The medata contains \code{nreads}, an integer scalar of the total number of reads in \code{fastq}.

Each column of \code{combinations} corresponds to a single variable region in \code{template} and one vector in \code{choices}.
By default, the sequences are reported directly as character vectors.
If \code{indices=FALSE}, each column contains the indices of the sequences in the corresponding entry of \code{choices}.

\code{matrixOfComboBarcodes} returns a \linkS4class{SummarizedExperiment} containing:
\itemize{
\item An integer matrix named \code{"counts"}, containing counts for each combinatorial barcode in each \code{files}.
\item One or more vectors in the \code{rowData} that define each combinatorial barcode, equivalent to \code{combinations}.
\item Column metadata containing a character vector \code{files}, the path to each file;
an integer vector \code{nreads}, containing the total number of reads in each file;
and \code{nmapped}, containing the number of reads assigned to a barcode in the output count matrix.
}
If \code{withDimnames=TRUE}, row names are set to \code{"BARCODE_[ROW]"} and column names are set to \code{basename(files)}.
}
\description{
Count combinatorial barcodes for single-end screen sequencing experiments where entities are distinguished based on random combinations of a small pool of known sequences within a single template.
}
\details{
Certain screen sequencing experiments take advantage of combinatorial complexity to generate a very large pool of unique barcode sequences.
Only a subset of all possible combinatorial barcodes will be used in any given experiment.
This function only counts the combinations that are actually observed, improving efficiency over a more conventional approach (i.e., to generate all possible combinations and use \code{\link{countSingleBarcodes}} to count their frequency).
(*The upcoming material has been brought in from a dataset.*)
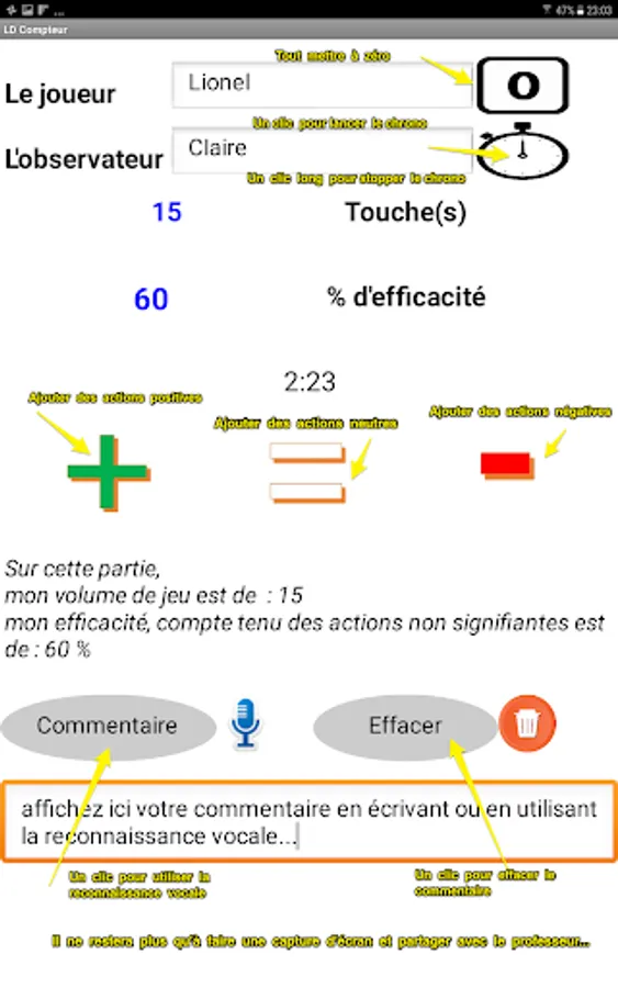 It allows thanks to its form of observation sheet, fill in the names of players and observers, throw or not a timer and set the theme or to comment on the results.
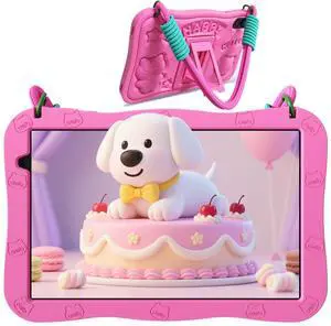 VOLENTEX 10 Inch Kids Tablet with Lanyard Case, Android 15 Tablets for Age 3-12, 32GB Educational Pad, 5G WIFI6,Parental Control, Dual Camera, 6000mAh, Bluetooth (Pink)

If \code{strand="both"}, the original read sequence will be searched first.
If no match is found, the sequence is reverse-complemented and searched again.
Other settings of \code{strand} will only search one or the other sequence.
The most appropriate choice depends on both the sequencing protocol and the design (i.e., position and length) of the barcode.

We can handle sequencing errors by setting \code{substitutions} to a value greater than zero.
This will consider substitutions in both the variable region as well as the constant flanking regions.

By default, the function will stop at the first match that satisfies the requirements above.
If \code{find.best=TRUE}, we will instead try to find the best match with the fewest mismatches.
If there are multiple matches with the same number of mismatches, the read is discarded to avoid problems with ambiguity.
}
\examples{
# Creating an example dual barcode sequencing experiment.
known.pool <- c("AGAGAGAGA", "CTCTCTCTC",
    "GTGTGTGTG", "CACACACAC")

N <- 1000
barcodes <- sprintf("ACGT\%sACGT\%sACGT",
   sample(known.pool, N, replace=TRUE),
   sample(known.pool, N, replace=TRUE))
names(barcodes) <- seq_len(N)

library(Biostrings)
tmp <- tempfile(fileext=".fastq")
writeXStringSet(DNAStringSet(barcodes), filepath=tmp, format="fastq")

# Counting the combinations.
output <- countComboBarcodes(tmp,
    template="ACGTNNNNNNNNNACGTNNNNNNNNNACGT",
    choices=list(first=known.pool, second=known.pool))
output$combinations
head(output$counts)

matrixOfComboBarcodes(c(tmp, tmp),
    template="ACGTNNNNNNNNNACGTNNNNNNNNNACGT",
    choices=list(first=known.pool, second=known.pool))
}
\author{
Aaron Lun
}